━━ Records provided ━━

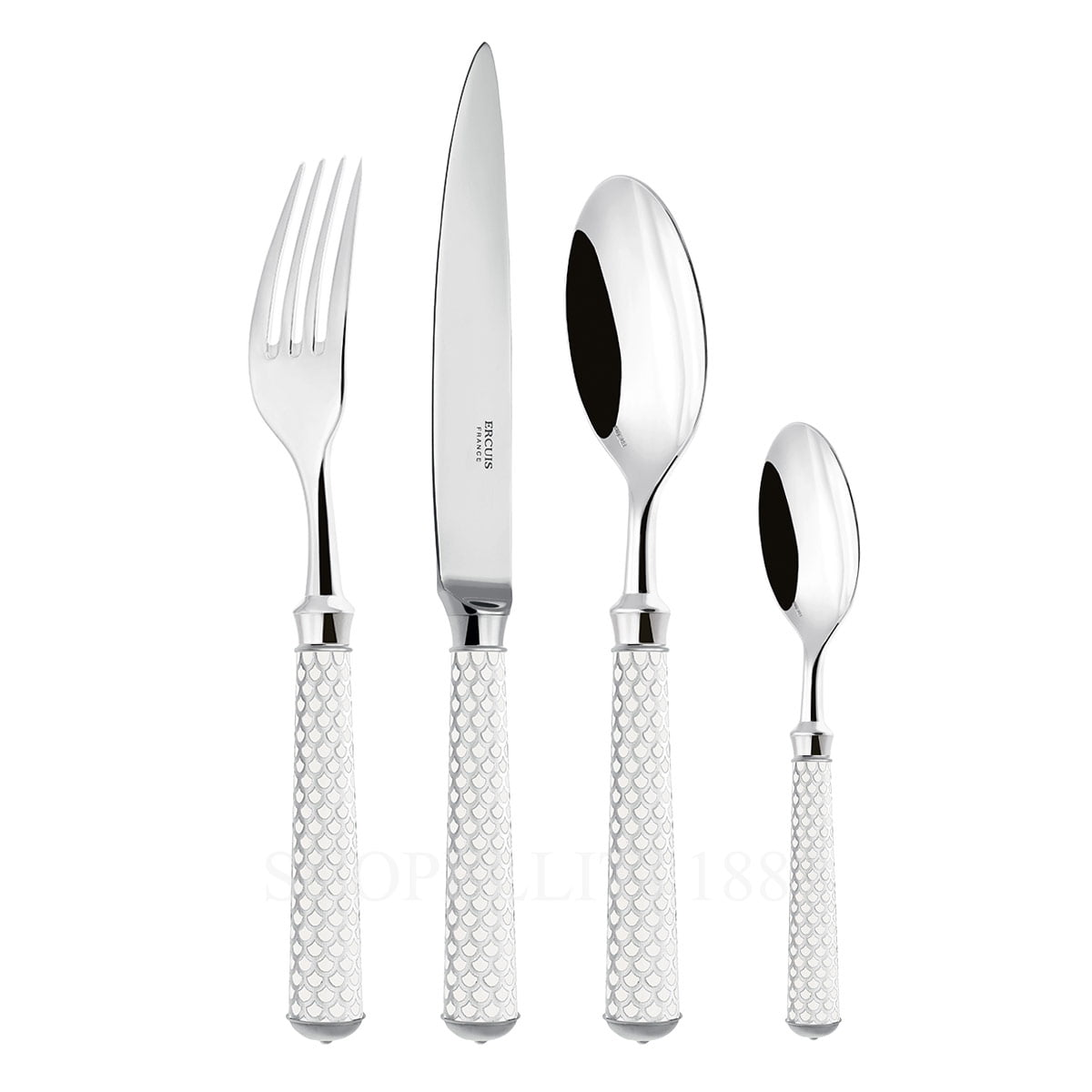 Ercuis Coupole white pattern cutlery set is a silver plated collection of high-end cutlery produced by Ercuis, a French luxury brand that has been creating exquisite tableware and decorative objects. The Coupole collection features sleek and modern designs, with a polished silver plated finish that is both elegant and durable.
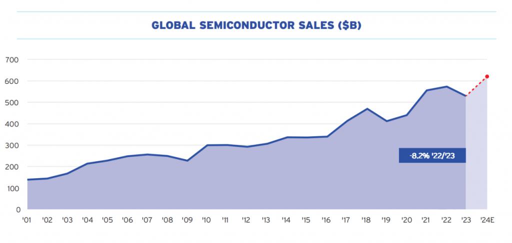 半导体行业协会(SIA)发布了一份报告,其中显示2023年全球半导体销售额达到了5270亿美元,销售了近1万亿块半导体,全球人均购买量超过了100颗芯片。同时预估2024年,销售额将超过6000亿。
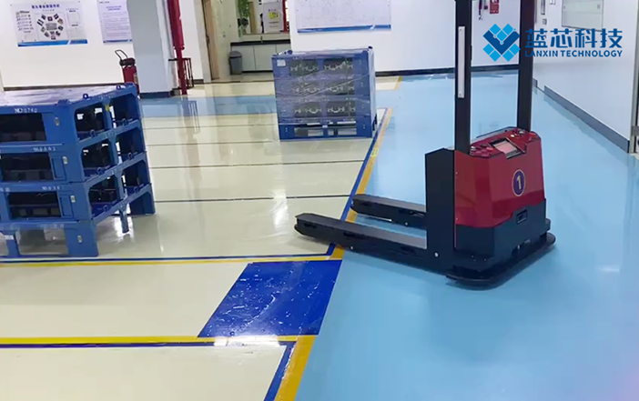 五、藍(lán)芯科技-某鋰電企業(yè)成品自動化轉(zhuǎn)運該企業(yè)是國內(nèi)知名的動力電池生產(chǎn)企業(yè)。在部署無人叉車前,成品的轉(zhuǎn)運工作由人工手拉地牛方式完成。車間→打包區(qū)→成品庫之間路線較長,動力電池重量大,搬運工作對工人來說既枯燥又繁重,且效率不高。企業(yè)希望由無人叉車替換人工,提升內(nèi)部物流效率。圖:藍(lán)芯科技無人叉車某鋰電企業(yè)車間應(yīng)用搭載藍(lán)芯LX-MRDVS(移動機(jī)器人深度視覺系統(tǒng)),涵蓋視覺定位導(dǎo)航/避障/對接技術(shù),環(huán)境變化不影響機(jī)器人穩(wěn)定運行。采用視覺定位導(dǎo)航方案:搬運的貨物為地堆型動力電池,地堆貨物進(jìn)出頻繁,激光導(dǎo)航方案不適用。——而藍(lán)芯科技的視覺SLAM無人叉車通過3D視覺定位相機(jī)(集成定位算法)采集豐富的三維圖像信息來完成定位導(dǎo)航,即使地堆貨物經(jīng)常變動也不影響機(jī)器人定位;采用視覺避障方案:通過搭載的3D視覺避障相機(jī)(集成避障算法)識別路徑上的工人、懸空障礙物和低矮障礙物,彌補(bǔ)激光雷達(dá)避障不足。采用無標(biāo)識視覺對接方案:通過搭載的3D視覺對接相機(jī)(集成對接算法)輔助叉齒智能定位托盤孔位,自動叉取托盤;打造了鋰電池行業(yè)首個叉車集群智能物流項目,以智能物流賦能鋰電制造,為鋰電生產(chǎn)提速。六、斯坦德-某鋰電企業(yè)加工車間工藝流程搬運項目使用無人車實現(xiàn)廠內(nèi)物料的自動搬運,涉及工藝流程包括合漿、涂布、輥分、模切、卷繞、電芯裝配、模組pack等全部鋰電池生產(chǎn)工藝段。場景包括原材料出入庫、極卷搬運、成品出入庫等。棧板尺寸:1x1.2m,1.1x1.4m等、重量:1000Kg面臨挑戰(zhàn):非增值重復(fù)性任務(wù)浪費時間;高靈敏度、高精確性組件擺;生產(chǎn)現(xiàn)場工藝流程多,人機(jī)交互復(fù)雜,人員更迭頻繁且能力參差不齊;極卷形狀特殊且比較重。
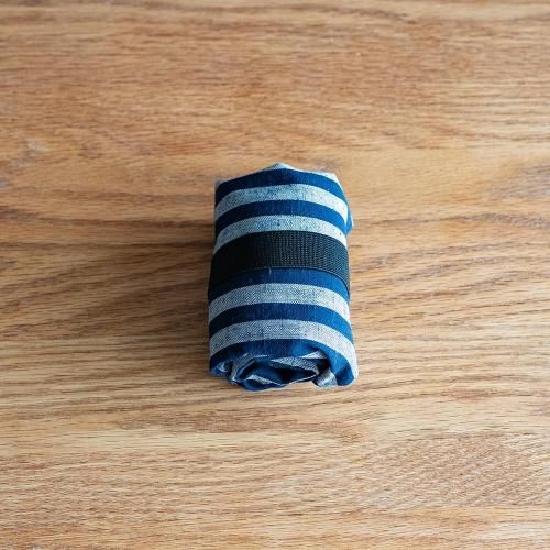 縦3つ折りにしてクルクル丸め、付属のゴムで留めるとコンパクトになります。
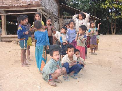 We left Muang Ngoi to visit a Hmong hill tribe village on an overnight trek. We reached the village after a brutal, six-hour uphill hike. The village consisted of 10-12 huts and was overrun with cute, but filthy, kids (and dogs), playing on the dusty mountaintop among chickens and pigs. The villagers, especially the kids, looked at us like we were aliens. Despite their initial apprehensiveness, our digital cameras, friendly cries of “Sabaidee!” (hello), and our judicious use of a laser pointer warmed them up.
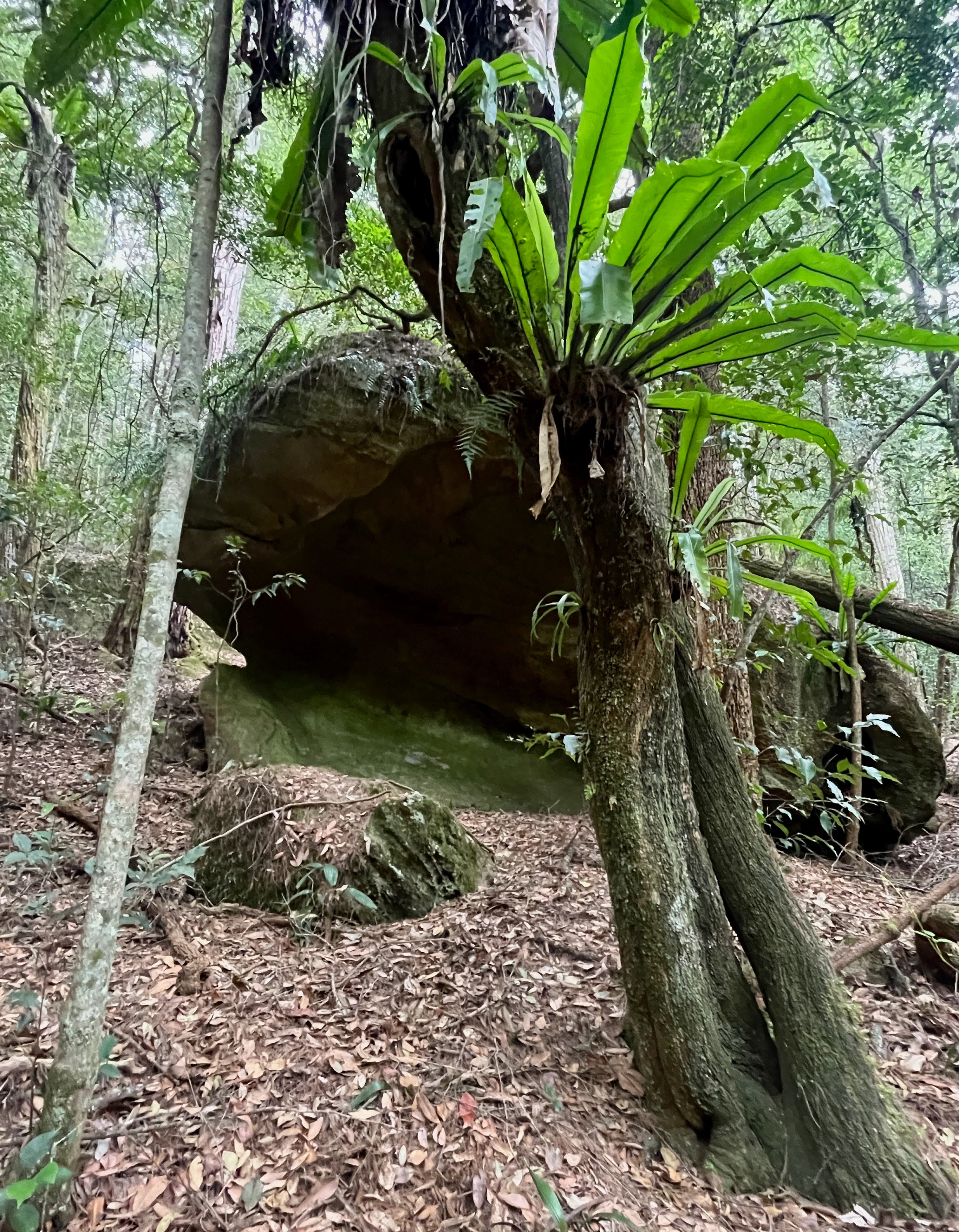 To the Awabakal First Nation Aboriginal people who lived in these mountains for time out of mind this cave beneath a boulder was a bedroom. This terrace outside was a living room and a kitchen. This stream and the forest around it were the water and the food which sustain all life. This trackless forest was always full of footprints.
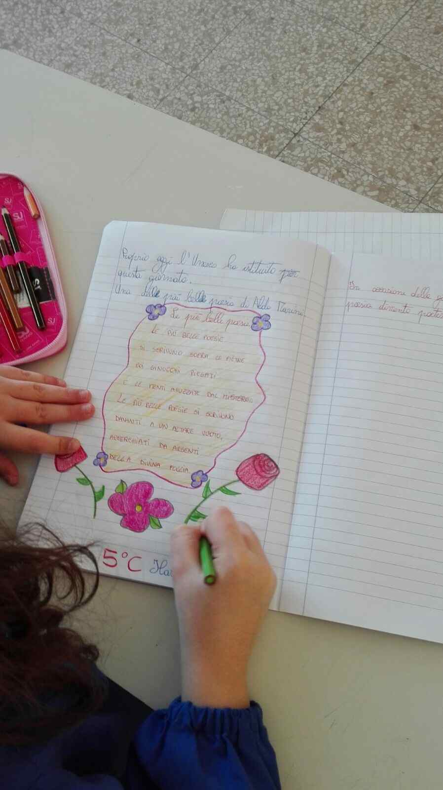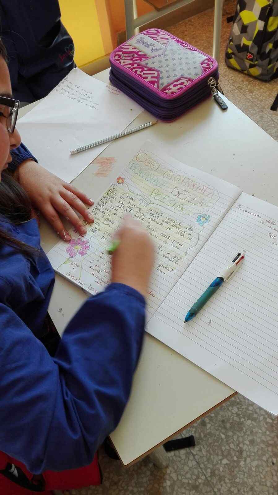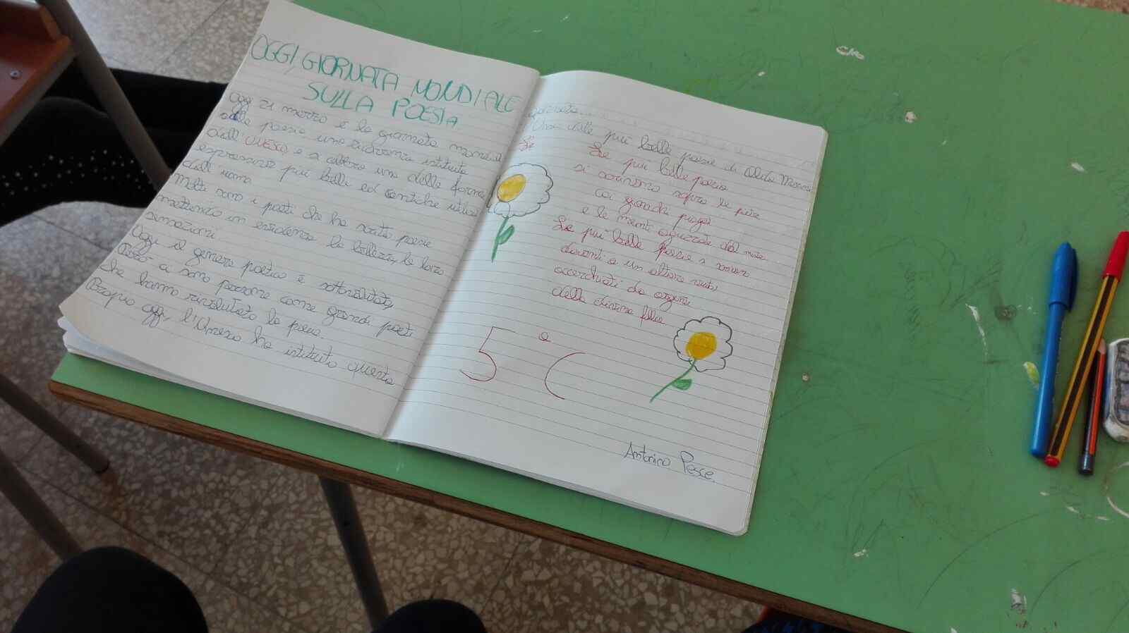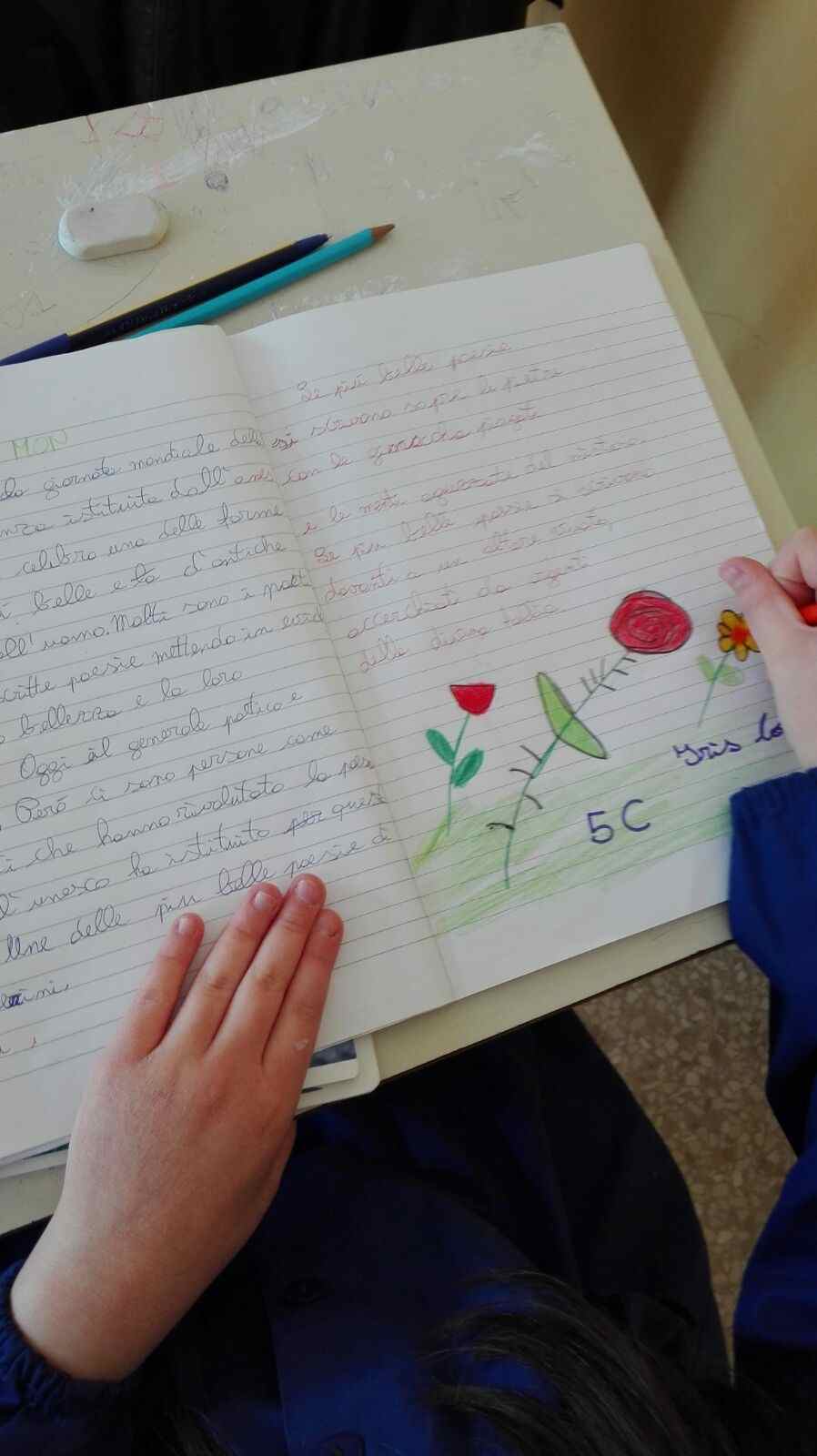 La classe V C del plesso Marvasi ha festeggiato la Giornata Mondiale della Poesia, tenutasi in data 21 Marzo 2017. Gli alunni hanno composto liberamente brevi e semplici testi poetici e hanno analizzato e commentato un brano di Alda Merini.

━━━

▶ _Task details_
Repeat, with no pictures, every line from the top of the entries above through the line that has "半导体行业协会(SIA)发布", keeping each one exact.

▶ _Task answer_
 Ercuis Coupole white pattern cutlery set is a silver plated collection of high-end cutlery produced by Ercuis, a French luxury brand that has been creating exquisite tableware and decorative objects. The Coupole collection features sleek and modern designs, with a polished silver plated finish that is both elegant and durable.
 半导体行业协会(SIA)发布了一份报告,其中显示2023年全球半导体销售额达到了5270亿美元,销售了近1万亿块半导体,全球人均购买量超过了100颗芯片。同时预估2024年,销售额将超过6000亿。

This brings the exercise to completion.